>>>>

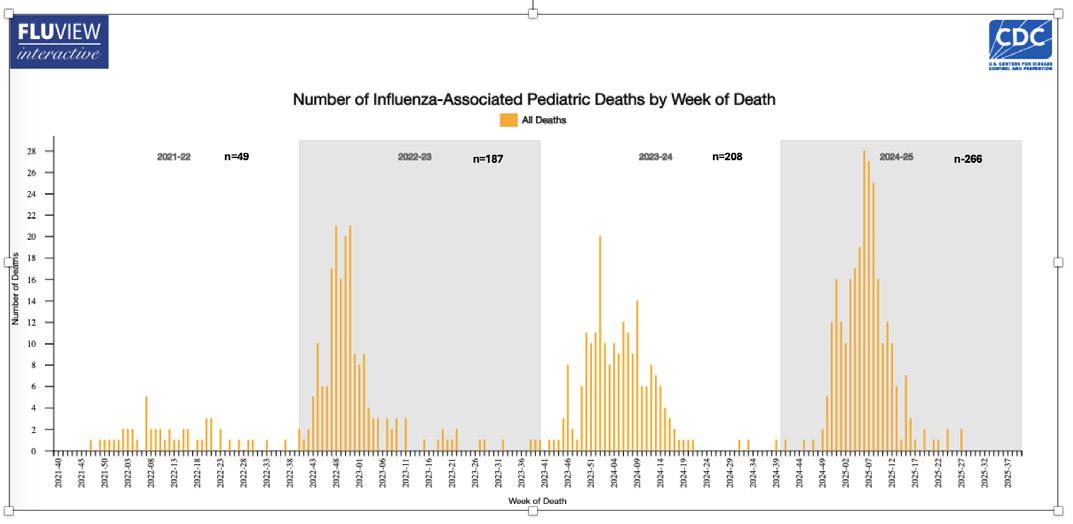 Of those deaths, 266 were pediatric deaths, the highest number reported in any non-pandemic flu season since pediatric flu deaths became nationally notifiable in 2004. More than 40% of the children who died had no known high risk underlying medical conditions. Nine out of 10 pediatric deaths attributed to influenza occurred in children eligible for flu vaccination who were not fully vaccinated.
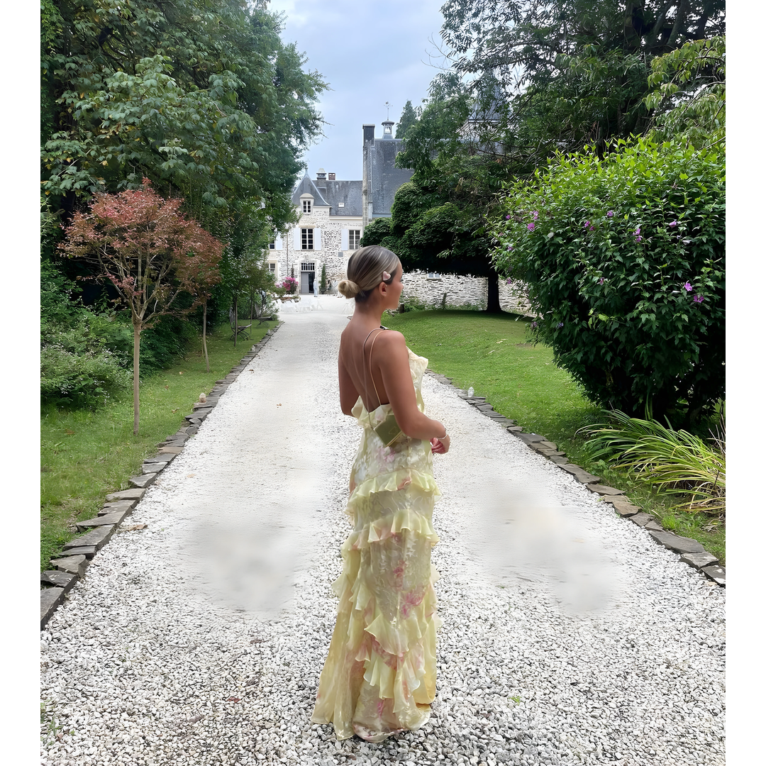 Orlina | Dames Maxi Jurk | Met Ruches Open Rug
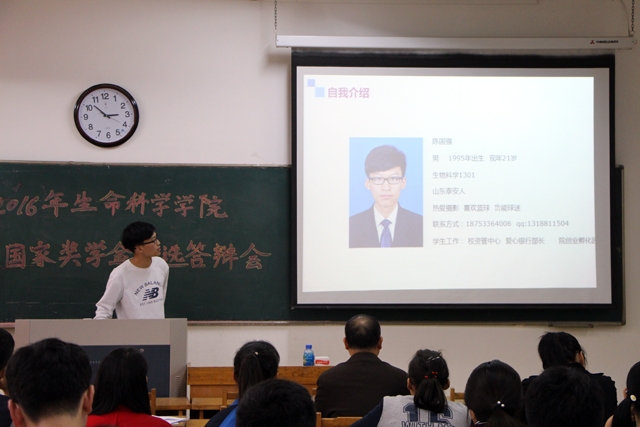 答辩开始,翟静涛上台,向大家介绍了国家奖学金的申请资格以及评选的规则。随后王建兴也给同学们普及了在答辩过程中可能会出现的专业名词,方便同学能能够更好地理解竞选者答辩中的内容。准备就绪后,三位竞选者依次上台,结合PPT进行演讲,介绍自己在校三年时间里取得的成绩。优秀的学习成绩、丰硕的科研成果、出彩的获奖情况、丰富的社会实践经历引起了台下同学们的阵阵惊叹。同时,评委们也对竞选者答辩中的细节问题提出了自己的疑问。竞选者也认真地回答了评委提出的问题,同时把自己的优点和过人之处展现给了大家。

<<<<

### EXERCISE GOAL
Each line above should be returned exactly as written, apart from any pictures.

### ANSWER BOX
 Of those deaths, 266 were pediatric deaths, the highest number reported in any non-pandemic flu season since pediatric flu deaths became nationally notifiable in 2004. More than 40% of the children who died had no known high risk underlying medical conditions. Nine out of 10 pediatric deaths attributed to influenza occurred in children eligible for flu vaccination who were not fully vaccinated.
 Orlina | Dames Maxi Jurk | Met Ruches Open Rug
 答辩开始,翟静涛上台,向大家介绍了国家奖学金的申请资格以及评选的规则。随后王建兴也给同学们普及了在答辩过程中可能会出现的专业名词,方便同学能能够更好地理解竞选者答辩中的内容。准备就绪后,三位竞选者依次上台,结合PPT进行演讲,介绍自己在校三年时间里取得的成绩。优秀的学习成绩、丰硕的科研成果、出彩的获奖情况、丰富的社会实践经历引起了台下同学们的阵阵惊叹。同时,评委们也对竞选者答辩中的细节问题提出了自己的疑问。竞选者也认真地回答了评委提出的问题,同时把自己的优点和过人之处展现给了大家。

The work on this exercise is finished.